For more information about image types, here is an OpenCV guide on types: http://docs.opencv.org/2.4/modules/core/doc/intro.html#fixed-pixel-types-limited-use-of-templates

The reference implementation provides some functions to convert popular formats (JPEG, PNG, etc.) to the image specification above, and some functions to verify if an image is valid.

Image ingest API

We propose the following function to load images from a remote distributed source as a DataFrame. Here is the signature in Scala. The python interface is similar. For compatibility with java, this function should be made available through a builder pattern or through the DataSource API. The exact mechanics can be discussed during implementation; the goal of the proposal below is to propose a specification of the behavior and of the options:

def readImages(
    path: String,
    session: SparkSession = null,
    recursive: Boolean = false,
    numPartitions: Int = 0,
    dropImageFailures: Boolean = false,
    // Experimental options
    sampleRatio: Double = 1.0): DataFrame

The type of the returned DataFrame should be the structure type above, with the expectation that all the file names be filled.

Mandatory parameters:

  *   path: a directory for a file system that contains images
Optional parameters:
  *   session (SparkSession, default null): the Spark Session to use to create the dataframe. If not provided, it will use the current default Spark session via SparkSession.getOrCreate().
  *   recursive (bool, default false): take the top-level images or look into directory recursively
  *   numPartitions (int, default null): the number of partitions of the final dataframe. By default uses the default number of partitions from Spark.
  *   dropImageFailures (bool, default false): drops the files that failed to load. If false (do not drop), some invalid images are kept.
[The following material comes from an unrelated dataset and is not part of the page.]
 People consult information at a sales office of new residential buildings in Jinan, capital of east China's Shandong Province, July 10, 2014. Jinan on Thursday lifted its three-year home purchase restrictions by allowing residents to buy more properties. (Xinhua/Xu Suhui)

Parameters that are experimental/may be quickly deprecated. These would be useful to have but are not critical for a first cut:

  *   sampleRatio (float, in (0,1), default 1): if less than 1, returns a fraction of the data. There is no statistical guarantee about how the sampling is performed. This proved to be very helpful for fast prototyping. Marked as experimental since it should be pushed to the Spark core.

The implementation is expected to be in Scala for performance, with a wrapper for python.
This function should be lazy to the extent possible: it should not trigger access to the data when called. Ideally, any file system supported by Spark should be supported when loading images. There may be restrictions for some options such as zip files, etc.
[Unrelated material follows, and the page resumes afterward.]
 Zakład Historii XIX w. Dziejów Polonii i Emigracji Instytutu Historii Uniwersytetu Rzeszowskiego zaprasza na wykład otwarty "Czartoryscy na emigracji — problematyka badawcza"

The reference implementation has also some experimental options (undocumented here).

Reference implementation

A reference implementation is available as an open-source Spark package in this repository (Apache 2.0 license):
https://github.com/Microsoft/spark-images

This Spark package will also be published in a binary form on spark-packages.org<http://spark-packages.org/> .

Comments about the API should be addressed in this ticket.

Optional Rejected Designs

The use of User-Defined Types was considered. It adds some burden to the implementation of various languages and does not provide significant advantages.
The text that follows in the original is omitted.